As a former newspaper reporter and editor, I am observing with great interest the closure of city newspapers. Last week, the 146-year-old Seattle Post Intelligencer published its last print issue to become an exclusive on-line publisher–a move that left the Seattle Times the only major daily in that city.
Just two weeks prior, Denver’s Rocky Mountain News published its final edition and closed its doors.
Does this mark a step backwards? Not necessarily. When I was working for newspapers 12 years ago, I remember having this widespread, sinking feeling that the rising popularity of the of the Internet would lead to the industry’s eventual demise. Just as smart phones would replace telephones, just as social networking will kill off e-mail, and just as video would kill the radio star.
In the end, technology has simply given us more choices, and it’s forced the ‘old-fashioned’ product-makers to be more innovative and open to change.

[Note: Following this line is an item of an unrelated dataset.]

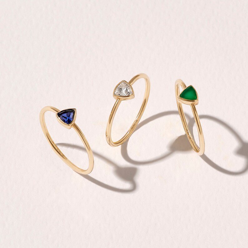Elegant 18k solid gold triangle agate ring, combining vibrant agate with a sleek, contemporary design for a timeless and eye-catching accessory.

Newsprint is considered a dying format, particularly among twenty – and thirtysomething young professionals. (Personally, I haven’t read a paper front to back since I left the industry.)But our generations remain informed by choosing what information we want to read and how we want to receive it. From reading articles on-line and subscribing to blogs and e-newsletters, to researching with Google and Wikipedia, to listening to satellite radio or downloading podcasts, to sharing information via social networking, and recording your favorite channels with DVRs and TiVo.Undoubtedly, the world has changed dramatically in recent years. And the way we send and receive information has also changed. News is not defined simply by broadcast or print media anymore.More technology has been developed in the past five years than in the past 50 years. We rarely stop to think about the fact that we are on a ‘fast-forward’ trip to the future until we see 146-year-old newspapers stop circulation.Will every newspaper fold? No, probably not. At least not right away.
Undoubtedly, time changes everything and to everything there is a season. And the emergence of today’s well-connected, busy, multi-tasking young professionals reminds us that the season of the newspaper has entered the winter of its years.